- Published: Tuesday, 21 November 2017 08:05
Sales growth for soft drinks in India has tapered as urban consumers opt for low-sugar beverages and rural buyers cut discretionary spending.
India is “a different story,” John Murphy, President of the Asia Pacific Group of Coca-Cola, said at the company’s investor’s day conference in Atlanta, referring to a market of almost 300 million people in the bottom half of the pyramid in India that is yet to take to the global soft drink brands. “We have tried so many times in my time in the Coca-Cola system to crack the code there and we haven’t done it. We have got a team of pretty smart people who want to have the legacy to be the first to do so,” he said. India is the US giant’s sixth largest market and Coca-Cola is the country’s leading beverage maker. “In India we have leader brands, but we have an industry that is very underdeveloped,” Murphy said at the conference on November 16, adding that in China, Coca-Cola has a value share of an industry that is actually quite huge. He said Sprite, Maaza and Thums Up have tremendous equity in India and the company’s job is to leverage those brands to help grow the industry. “We’re excited with the work we have under way to do that. In addition, we have a couple of other categories that we believe have tremendous room for growth as we go forward and the good news is there are not too many there yet who have cracked the code on leadership in those categories,” Murphy said.
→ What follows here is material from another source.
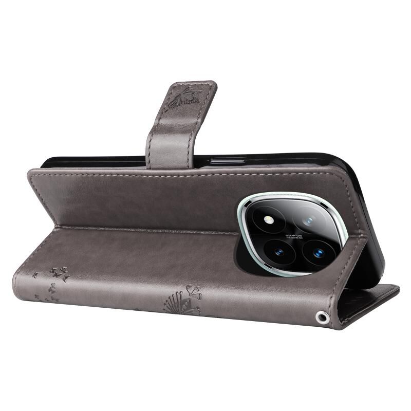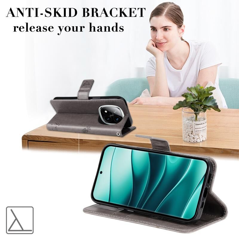 For Redmi Note 14 Pro / 14 Pro+ 5G Tree & Cat Embossed Pattern Flip Leather Phone Case(Grey)

Sales growth for soft drinks in India has tapered as urban consumers opt for low-sugar beverages and rural buyers cut discretionary spending. Smaller regional brands that are cheaper are getting popular, hurting the prospects of global beverage companies including Coca-Cola and PepsiCo. Addressing investors and company executives across the world, including global president James Quincey, Murphy said the beverage maker had, over the past three years, launched over 500 products in Asia-Pacific. The runway for growth across Asia-Pacific is significant, given that 52% of the world’s population lives in the region, he said. “The beverage landscape in Asia-Pacific is very different today than you have seen in other parts of the world. Seven out of every 10 beverages consumed in Asia-Pacific are non-commercial,” he said. Asian consumers have something in common — whether they are in Japan, India or China. “Home rituals are important, hence the prevalence of self-home beauty, homemade juices. They love a lot of stuff, sweet, unsweet, hot, cold, gooey, un-gooey — you name it. They are very trend conscious increasingly in today’s environment and those trends are influencing the repertoire of beverages that they are trying and they love to try,” Murphy said. Mentioning the launch of mosambi juice under its Minute Maid franchise, Murphy said marrying a local desired fruit to a global brand creates value. The move to localise to the last mile with ethnic flavours and leveraging local fruit-based beverages is aimed at fighting back the onslaught of regional brands.
Recent examples include ethnic flavours in carbonated soft drinks such as jeera drink RimZim and grape-flavoured Portello.